The research comes from researchers at the University of Calgary, U.C Berkeley. the IMDEA Networks Institute, the International Computer Science Institute (ICSI) and AppCensus, which offers a searchable database detailing the privacy issues with individual apps. Called 50 Ways to Leak Your Data: An Exploration of Apps’ Circumvention of the Android Permissions System, the paper spotted dozens of apps circumventing permissions-based protections in Android to get the data they want.

Android apps must ask for permission to access sensitive resources on the phone, like the GPS, the camera, or the user’s contacts data. When you say that an app can’t access your location data, the operating system can prevent it from doing so because it runs the app in its own sandbox. That also stops the app in question interacting with other apps.

Sidestepping permissions

The researchers analysed over 88,000 Android apps to see what data they transmitted from the phone, and where they sent it. They ran the test on a variety of Android systems, with the most recent being Android Pie (2018). They matched this against the permissions that the user had granted the app to see if apps were harvesting data that they shouldn’t be. They found dozens of apps transmitting data they shouldn’t have accessed, along with thousands more containing the code to do so. They reverse engineered the code and found two main methods for circumventing permissions protections.

The first is known as a side channel attack. In this context, they happen when sensitive information is available in more than one place on a mobile phone.

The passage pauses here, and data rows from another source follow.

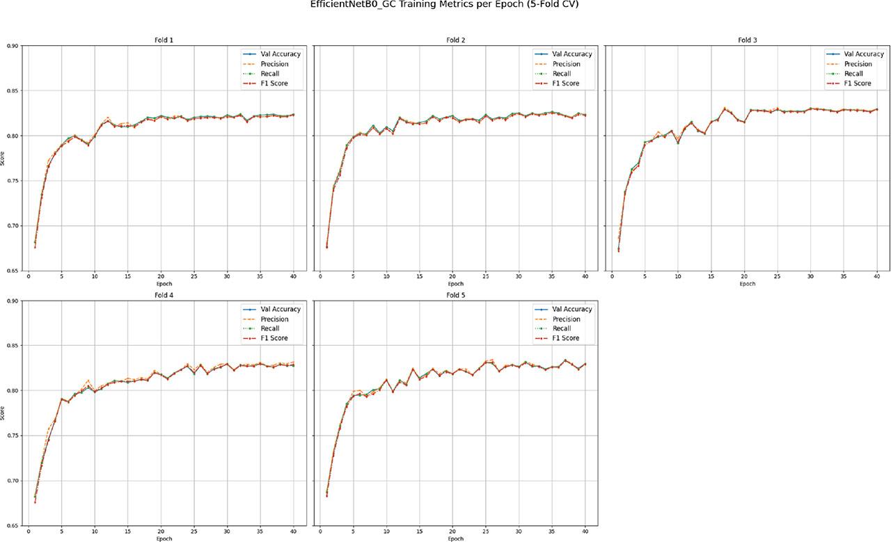 Results from stratified five-fold validation performed during the training phase using EfficientNet-B0 with GC. GC, global context.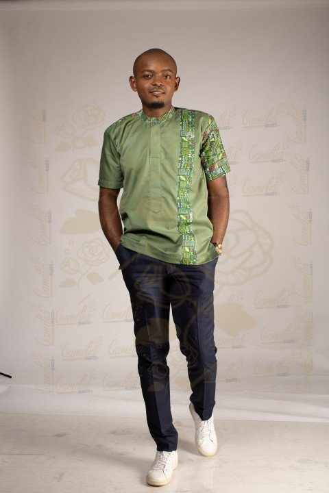 Jeune homme Africain beau veste design afritude mains poches barde menton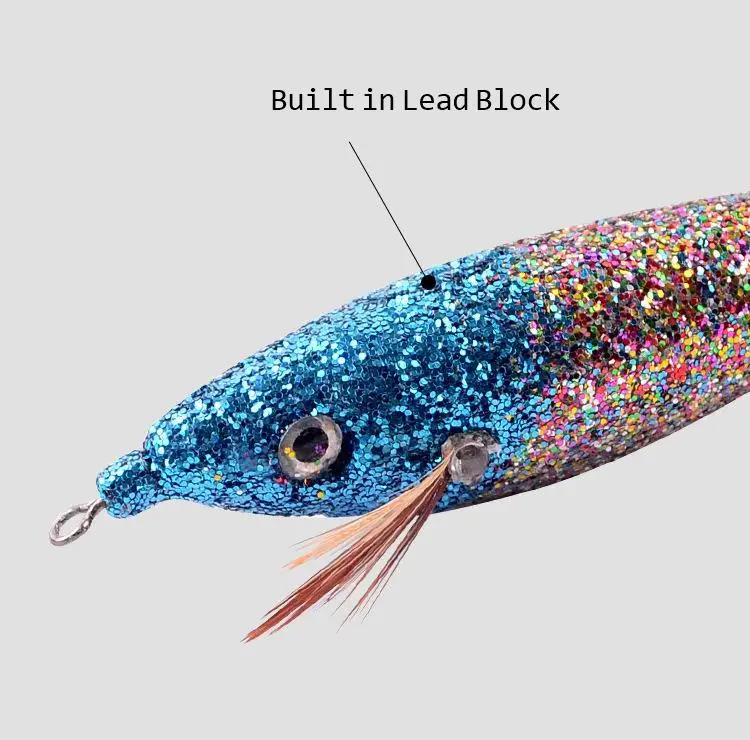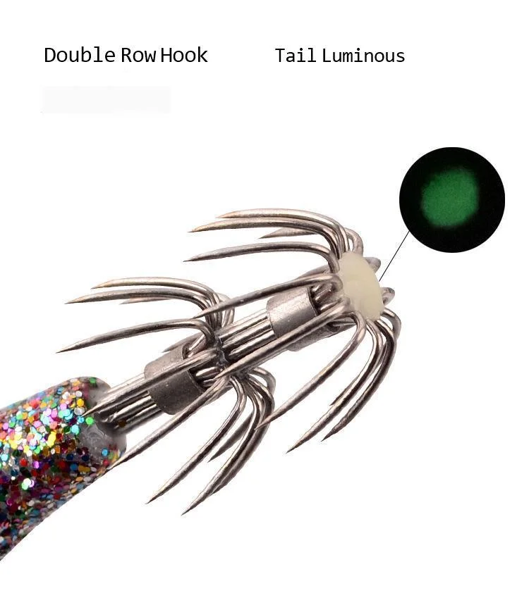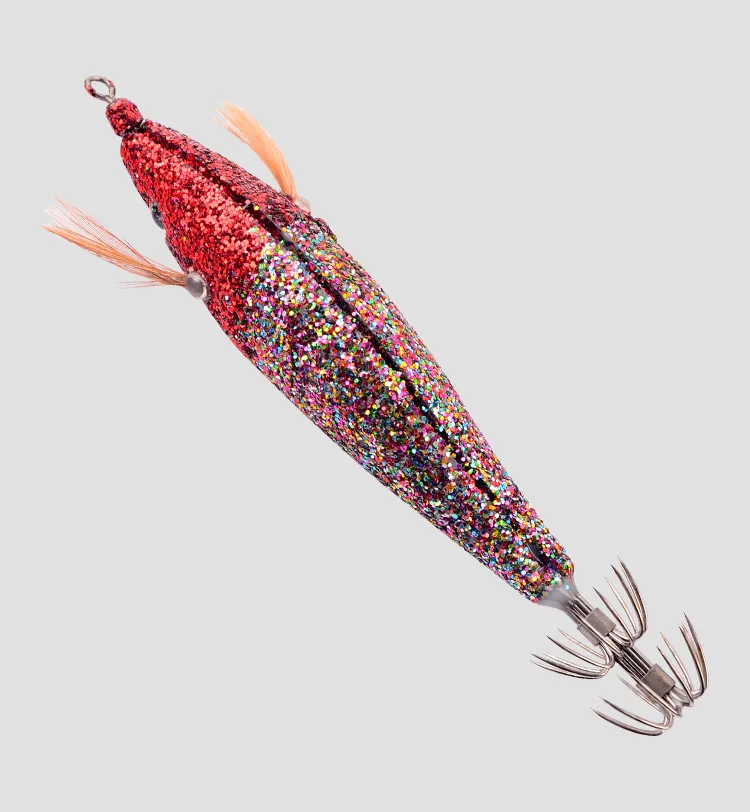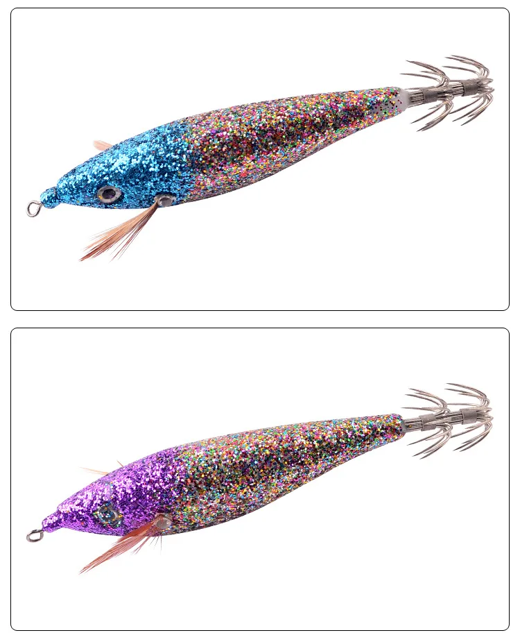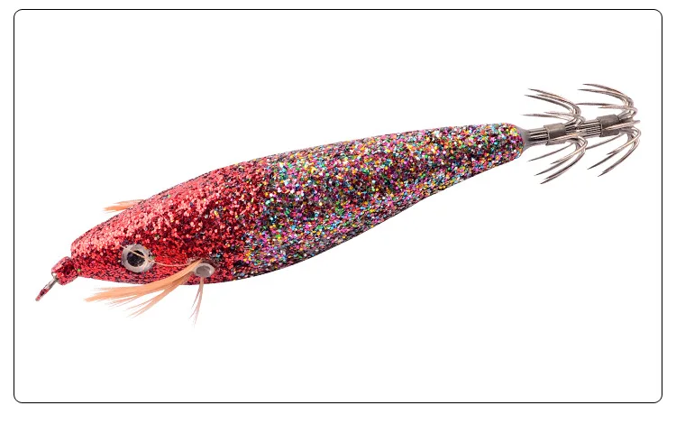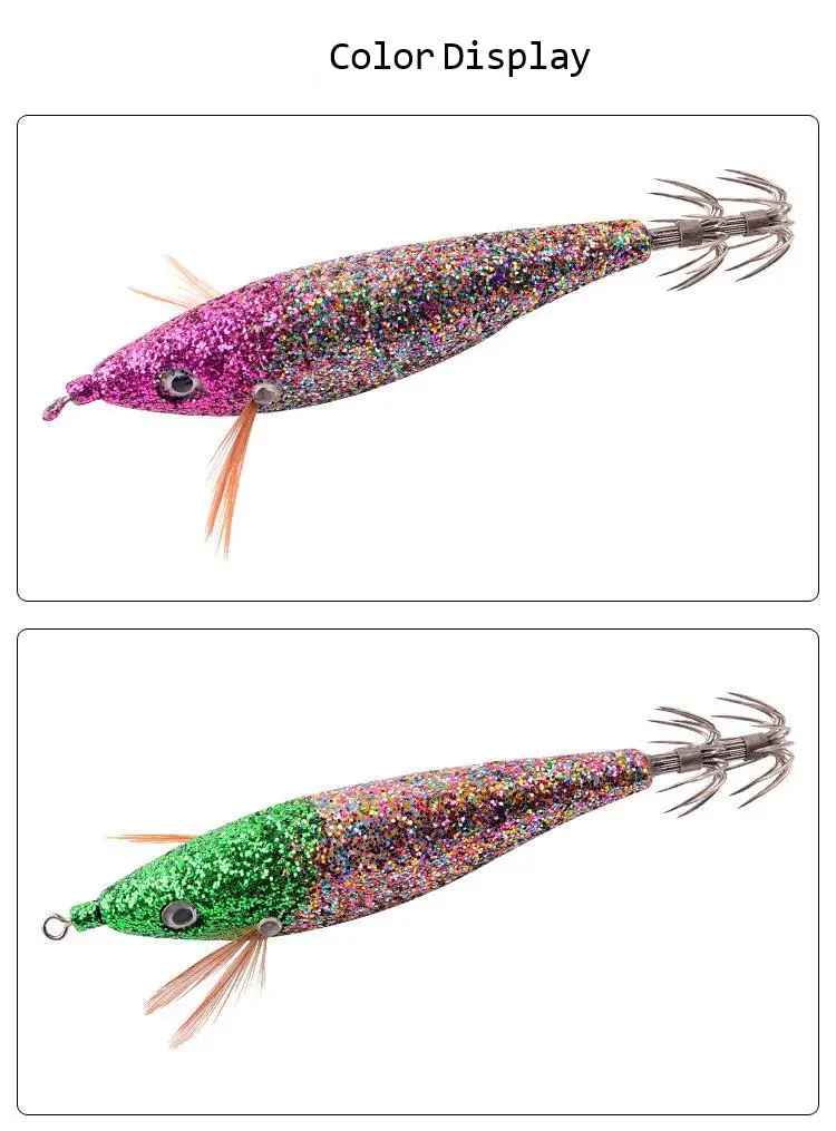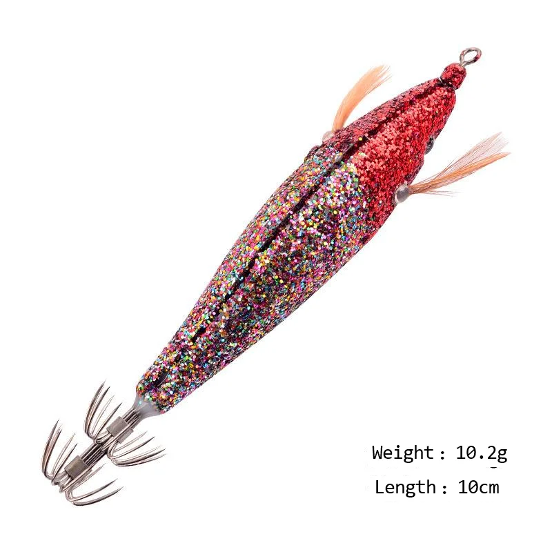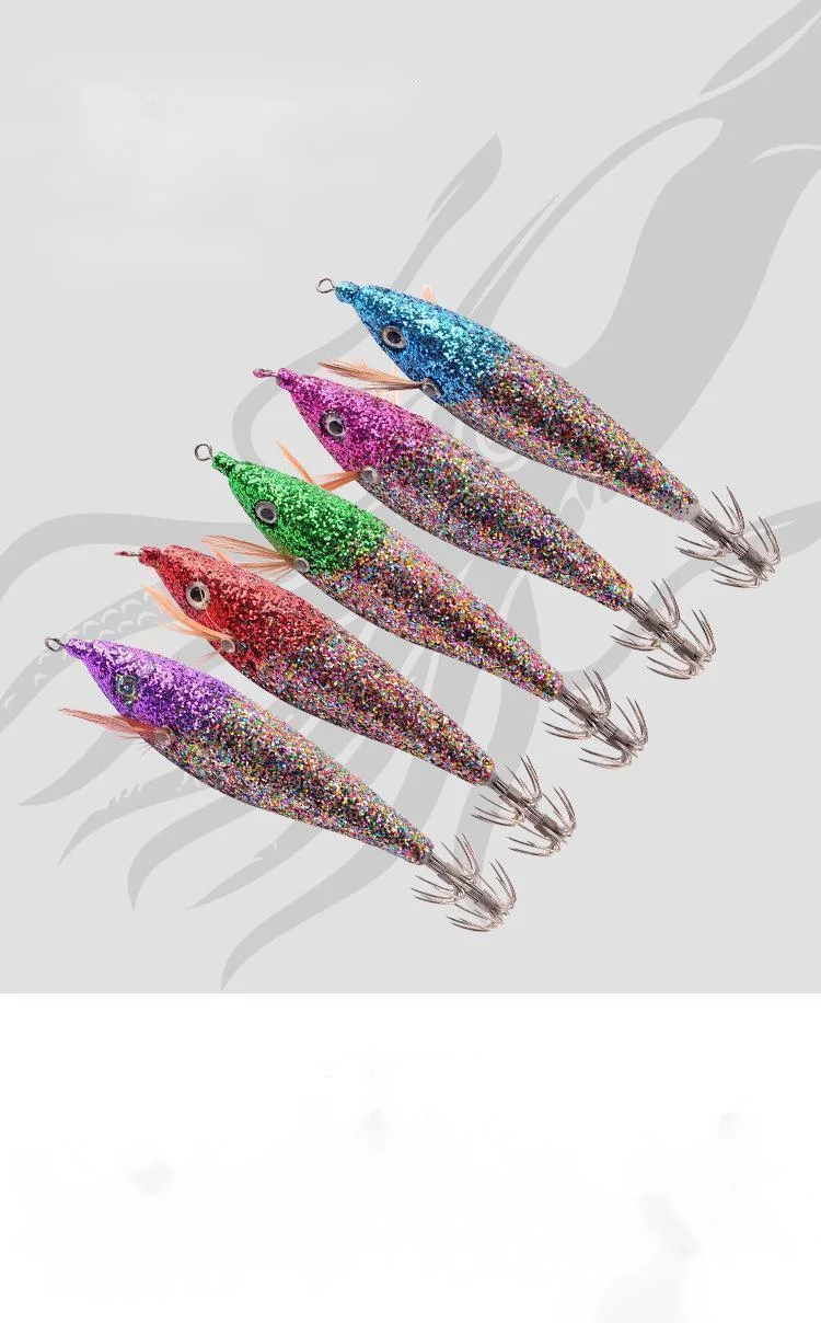 Anzuelo de Calamar de 10,2g, juego de cebo de camarón de madera con lentejuelas láser, lote de 5 unidades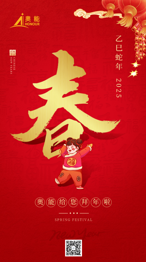 瑞氣盈門,新春將至。奧能公司全體員工向一直以來關心和支持我們的客戶、合作伙伴及各界朋友致以最誠摯的節日問候和最美好的新年祝福!愿大家在新的一年里萬事如意,幸福安康!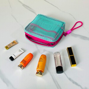 跨境新款多巴胺口红豆腐包大容量化妆包便携化妆品网格杂物收纳包
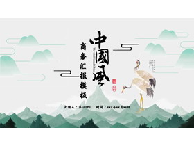 绿色水墨群山仙鹤背景的中国风商务汇报PPT模板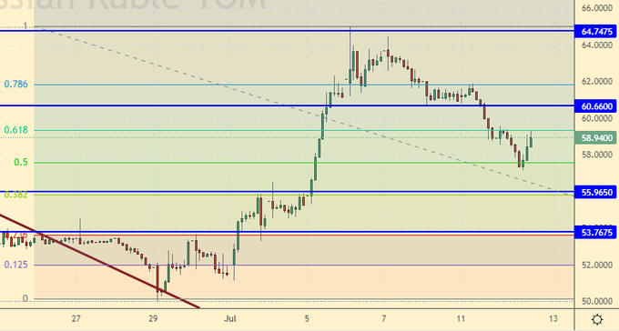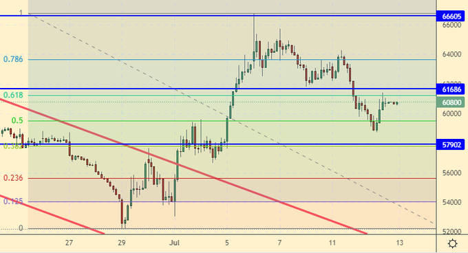 Покупка: при откате к 56000. Стоп: 54400. Цель: 75000. Если вы вошли от 59000, перенесите стоп на 57700. Цель: 75000.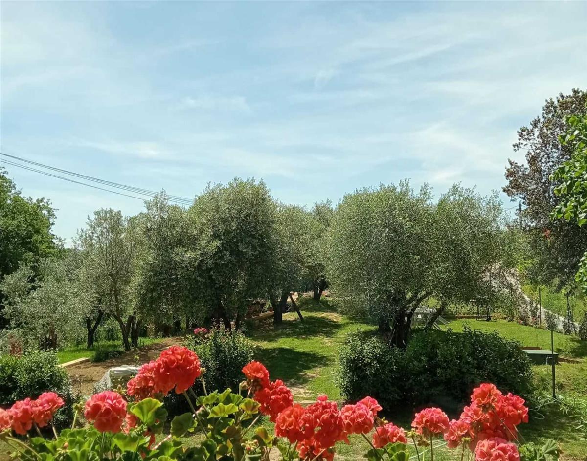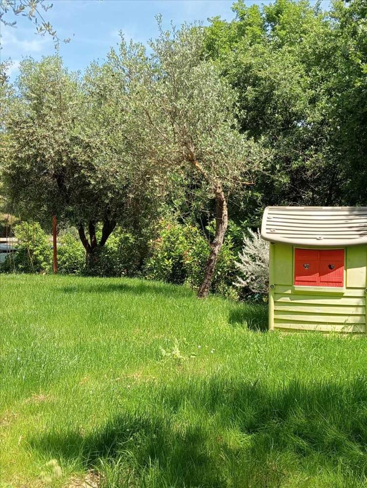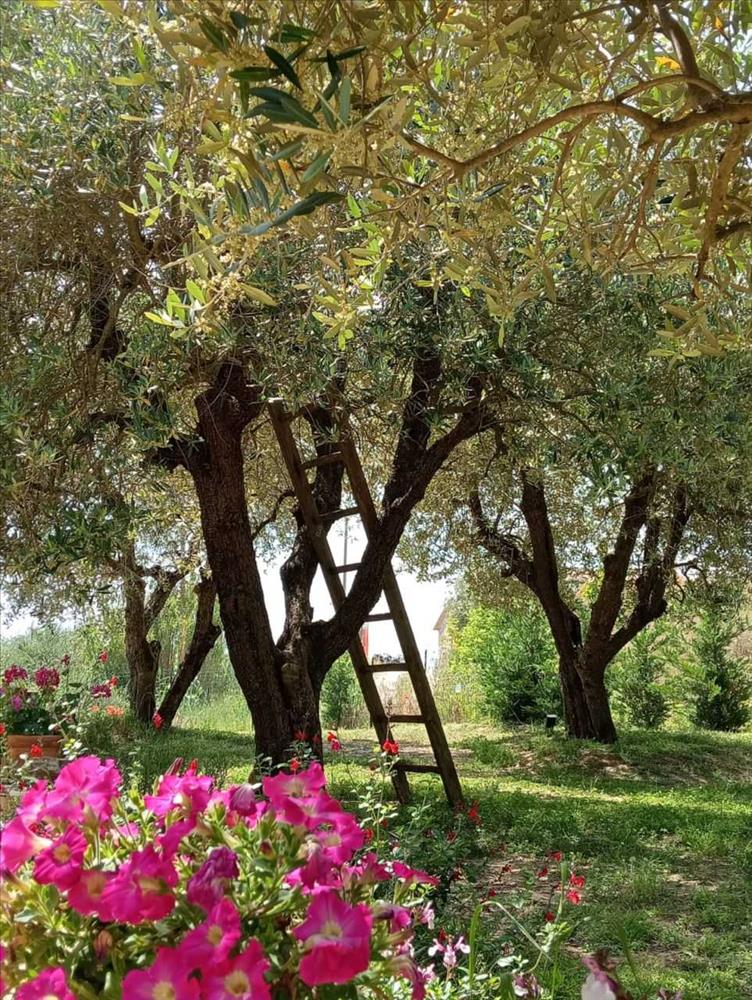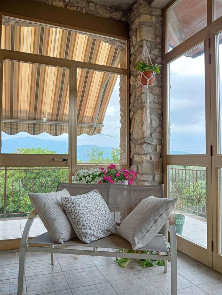 A bejárat egy privát lépcsőházhoz vezet, amely hozzáférést ad egy tágas, világos nappalihoz kandallóval, nyitott konyhával és terasszal, két kétszobás hálószoba áll rendelkezésre, közülük az egyik saját fürdőszobával, emellett van egy kis hálószoba, két fürdőszoba, egy nagy beépített gardróbszoba és mosókonyha. A lakáshoz tartozik több terasz, egy padlás a második emeleten, amelyet lakássá lehet átalakítani, továbbá egy kb. 1700 m²-es kert olajfákkal, valamint egy felújítandó melléképület és további kb. 3000 m² földterület.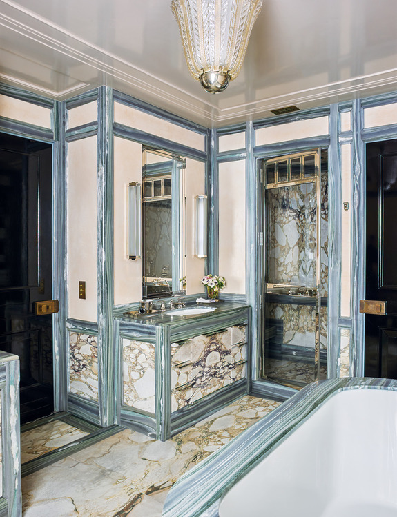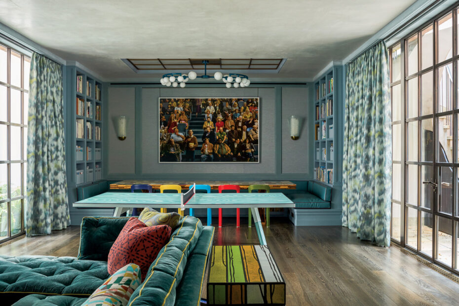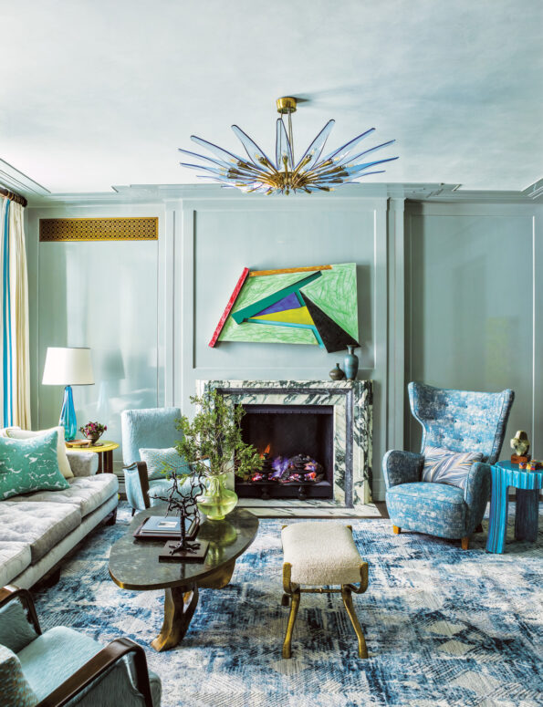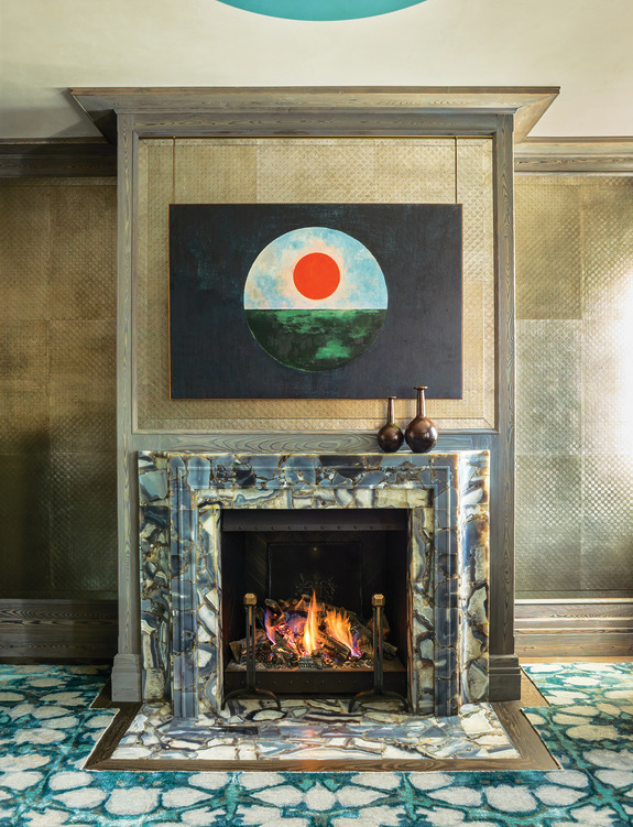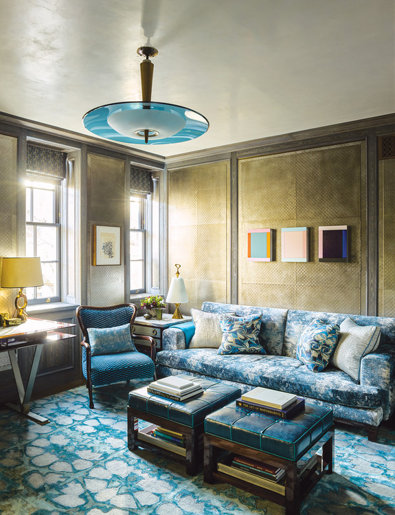 Ở phòng làm việc, tường bọc da dập nổi màu bạc khói kết hợp khung gỗ sẫm, trên đó treo các tác phẩm của Imi Knoebel và Albert Oehlen. Phòng khách lại rực rỡ trong dải xanh lam và bạc, với ghế bành Ý thập niên 1950, bàn cocktail của Philip & Kelvin LaVerne thập niên 1970 và đèn chùm Max Ingrand – tất cả mang tinh thần pha trộn đầy kịch tính.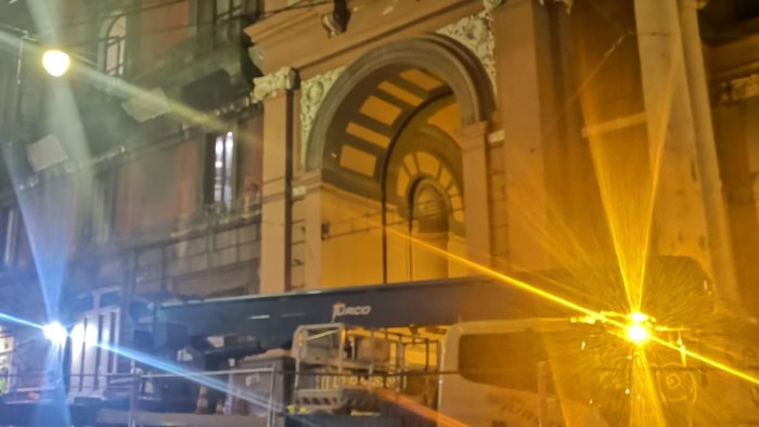 Nel corso della notte sono stati effettuati dai servizi comunali, con il supporto della Napoli Servizi, verifiche e saggi sulla muratura e gli elementi decorativi della facciata della Galleria Principe di Napoli in Via Pessina.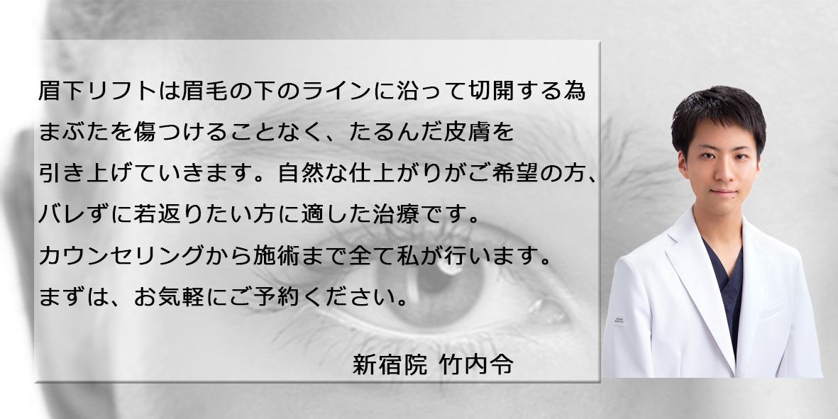 目の上のたるみを改善 新宿院 竹内医師 による 眉下リフト

For example, apps are meant to request access to the phone’s GPS if they want location data. However, the researchers found apps accessing the MAC address of the Wi-Fi base stations that the phone connected to by reading a locally stored, unprotected cache. That gave the apps the location data that they needed.

The second, more insidious attack is known as a covert channel, and it’s a communication from one privileged app to another. One app might be allowed to read the phone’s International Mobile Equipment Identity (IMEI), for example, which is a unique identifier for the phone, and could give that data to another app that wasn’t.

The researchers found software libraries from Baidu and South Korean company Salmonads doing this. They used the SD card to store the phone’s IMEI, making it readable to apps that couldn’t access the data directly from the phone.

According to the researchers, the app from image printing service Shutterfly took a novel side channel approach to location harvesting by using the geolocation information stored in an image’s EXIF metadata.

Shutterfly responded, telling us:

If the user allows their images to be tagged with metadata, including geolocation, that information is included with the photos that are either uploaded to the Shutterfly app, or accessed locally on the user’s phone with their express permission.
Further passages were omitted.